### Required action
Up to and including the line with "把笋片和青豌豆下入开水锅汆烫。", write out the listing from its first line, minus the pictures.

### Available data
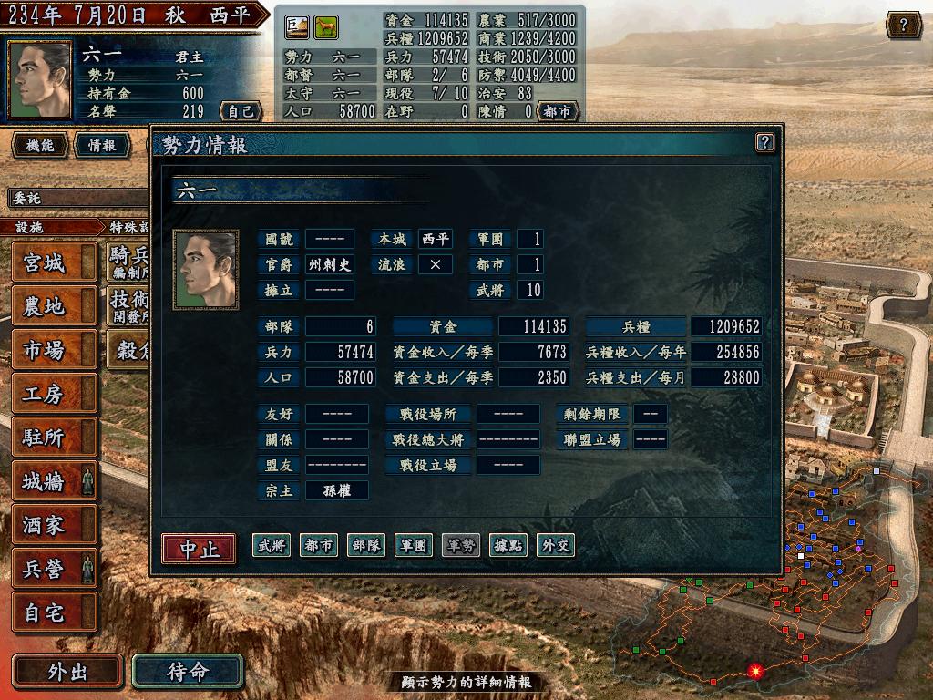 一个季度才打一次,没次至多就1个月,有2个月发展内政还不够吗?有邓艾陷阱落石突击放箭应该很好打的,不会损失太多兵,有突骑野战就无敌了,况且后三国时代蜀国没多少强人。其实开始应该放弃西平要武威,武威能出突骑还能升级弓兵出弩兵,而且后期也不要太急进攻城,有江州永安足矣,等曹魏灭武威后再灭蜀灭了过就不用杀人了,不降就放吧,过3,4个月对你势力的初始隐藏忠诚度就会上来的,就可以收了。只要在永昌灭蜀过3,4个月他们也不会跑太远的,多半还在你的领地里。
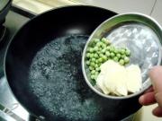 把笋片和青豌豆下入开水锅汆烫。
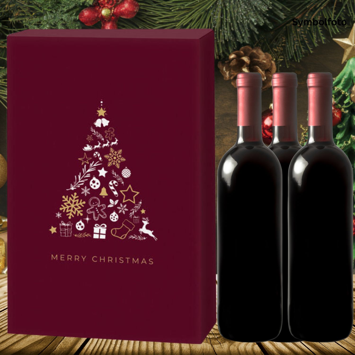 Der 3er Geschenkkarton „Christmas Tree“ rot ist ideal, wenn mehrere Flaschen Wein oder Sekt gemeinsam verschenkt werden sollen. Er eignet sich hervorragend für Weihnachtsgeschenke, Firmenpräsente oder private Anlässe in der Adventszeit. Besonders bei Weinpaketen, Weinserien oder sorgfältig zusammengestellten Dreier-Sets sorgt diese Verpackung für einen geschlossenen, hochwertigen Gesamteindruck. Durch das weihnachtliche Design wird der Inhalt ohne zusätzlichen Aufwand festlich inszeniert und emotional aufgeladen.
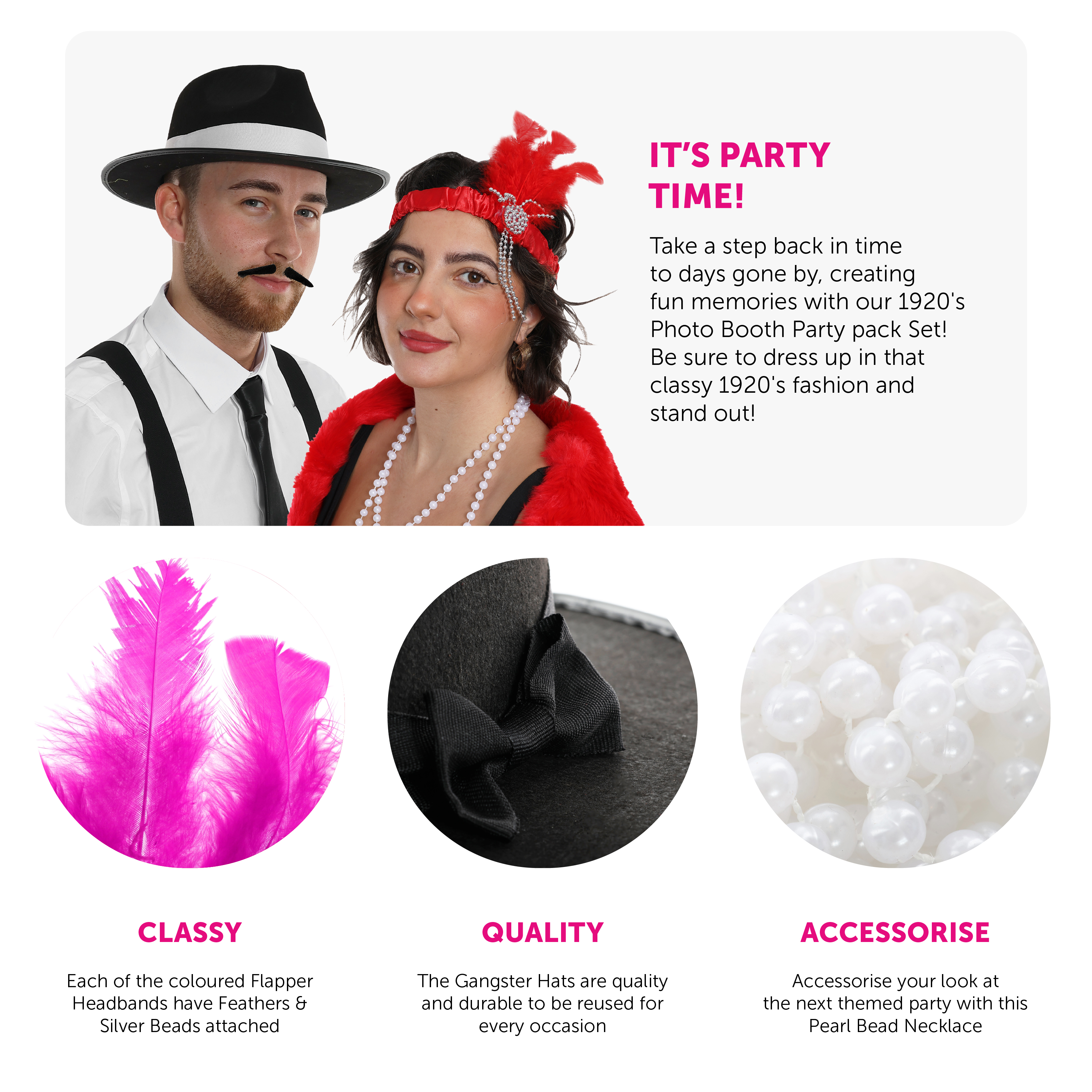 1920'S PHOTO BOOTH PARTY PACK: Take a step back in time to days gone by, creating fun memories with our 1920's Photo Booth Party pack Set! Be sure to dress up in that classy 1920's fashion and stand out!

### Task answer
 一个季度才打一次,没次至多就1个月,有2个月发展内政还不够吗?有邓艾陷阱落石突击放箭应该很好打的,不会损失太多兵,有突骑野战就无敌了,况且后三国时代蜀国没多少强人。其实开始应该放弃西平要武威,武威能出突骑还能升级弓兵出弩兵,而且后期也不要太急进攻城,有江州永安足矣,等曹魏灭武威后再灭蜀灭了过就不用杀人了,不降就放吧,过3,4个月对你势力的初始隐藏忠诚度就会上来的,就可以收了。只要在永昌灭蜀过3,4个月他们也不会跑太远的,多半还在你的领地里。
 把笋片和青豌豆下入开水锅汆烫。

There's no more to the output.